INFORMATION SHOWN -
===
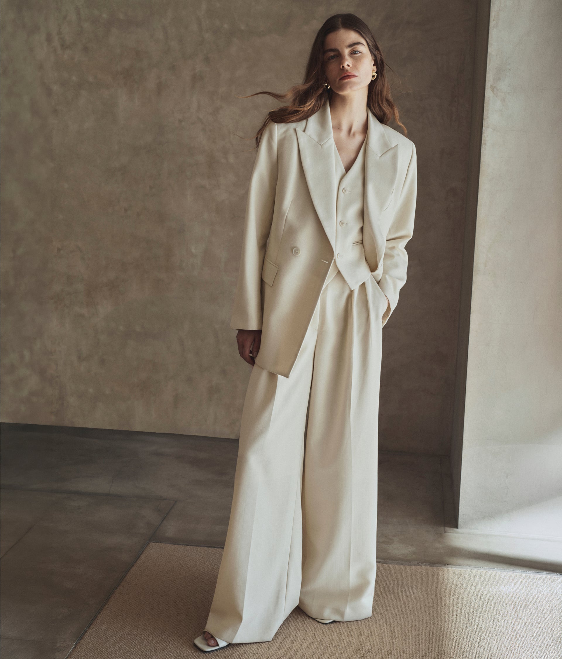 ANINE BING Mario Vest - Ecru - front view ANINE BING Mario Vest - Ecru - on model front
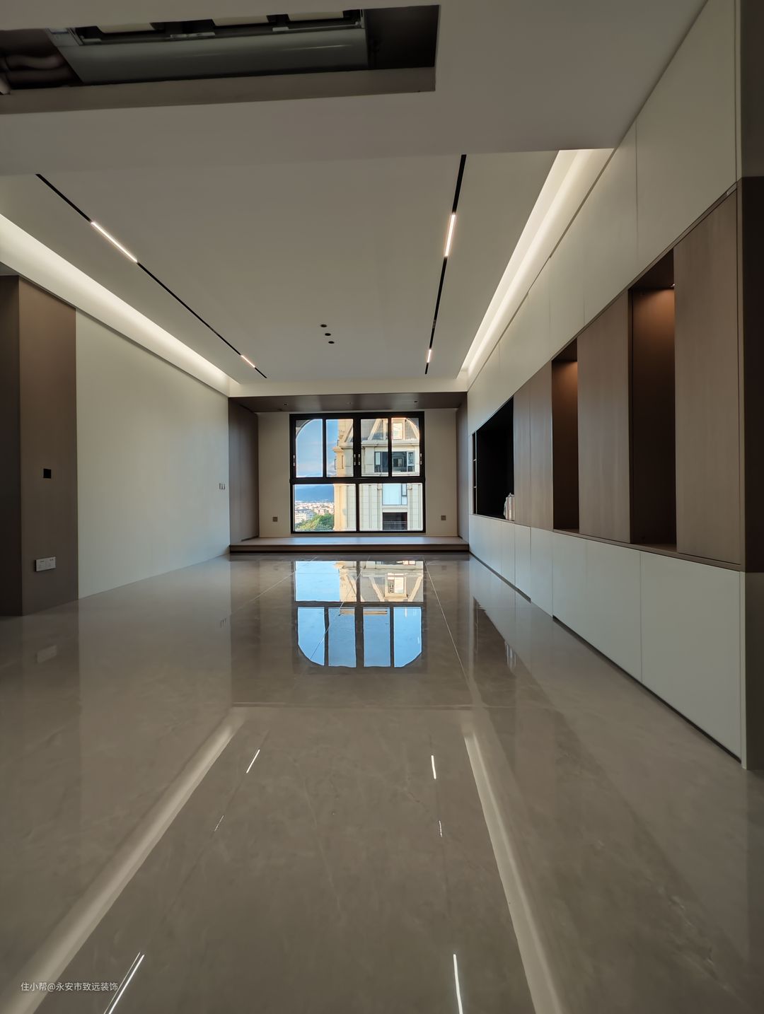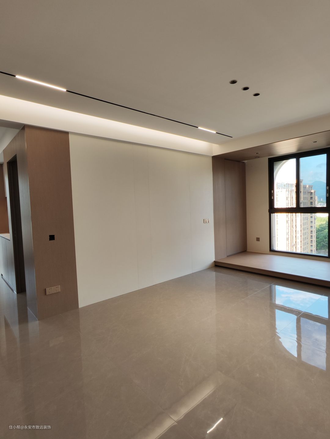 客厅做了无主灯设计,两条长磁吸轨道灯+反灯槽,增加了客厅的延伸感,让整个客厅空间更加开阔。电视背景墙做了整组电视柜,既增加了颜值又增加了收纳。
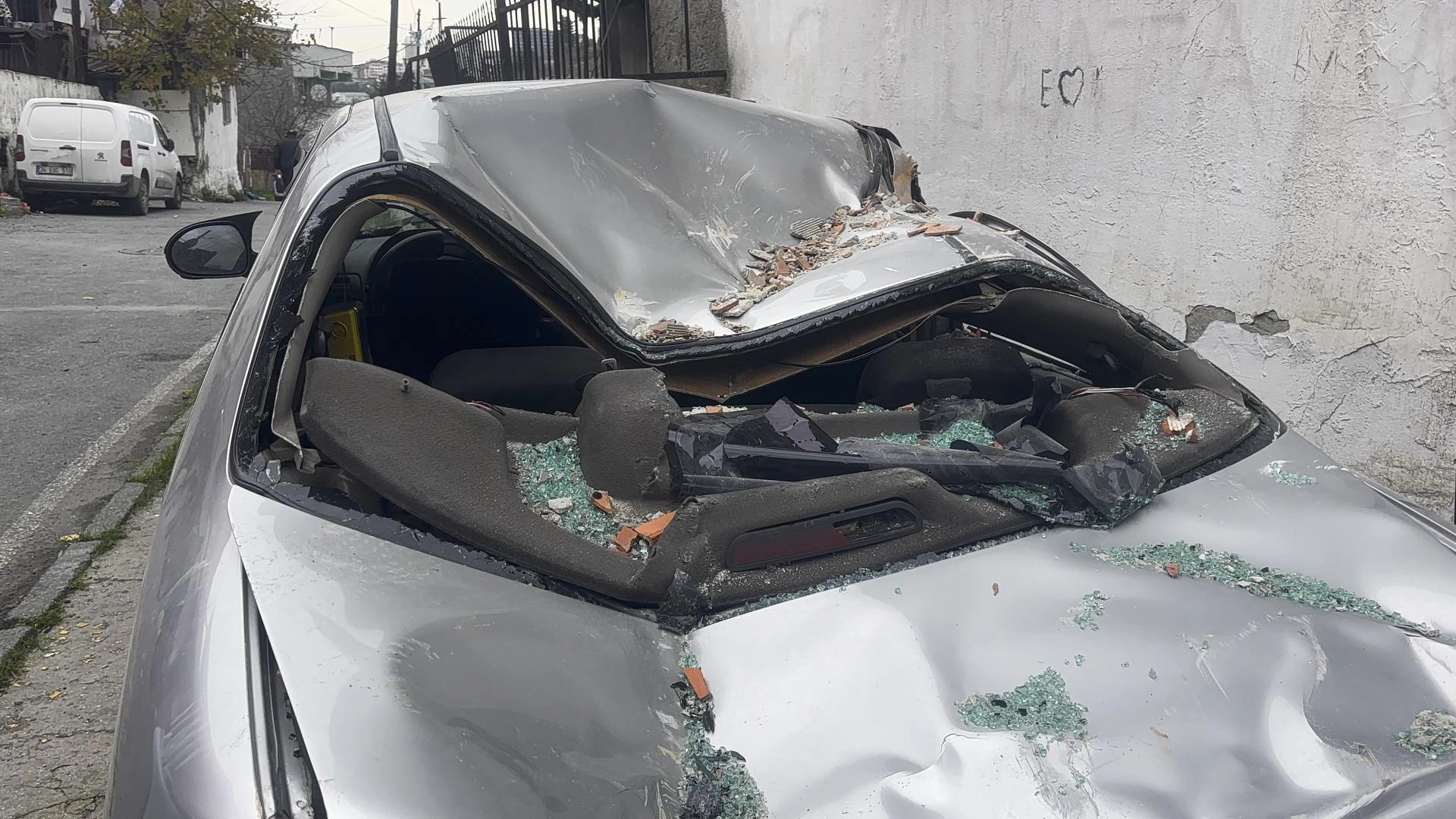Lodos nedeniyle Gaziosmanpaşa Yenidoğan Mahallesi'ndeki 2 katlı binanın çatısı koptu. Çatıdan kopan parçaların bir kısmı, sokakta park halindeki 2 aracın üzerine düştü.
===
ASSIGNMENT - Restate the whole listing above exactly, please, omitting every image.

ANSWER SECTION -
 ANINE BING Mario Vest - Ecru - front view ANINE BING Mario Vest - Ecru - on model front
 客厅做了无主灯设计,两条长磁吸轨道灯+反灯槽,增加了客厅的延伸感,让整个客厅空间更加开阔。电视背景墙做了整组电视柜,既增加了颜值又增加了收纳。
Lodos nedeniyle Gaziosmanpaşa Yenidoğan Mahallesi'ndeki 2 katlı binanın çatısı koptu. Çatıdan kopan parçaların bir kısmı, sokakta park halindeki 2 aracın üzerine düştü.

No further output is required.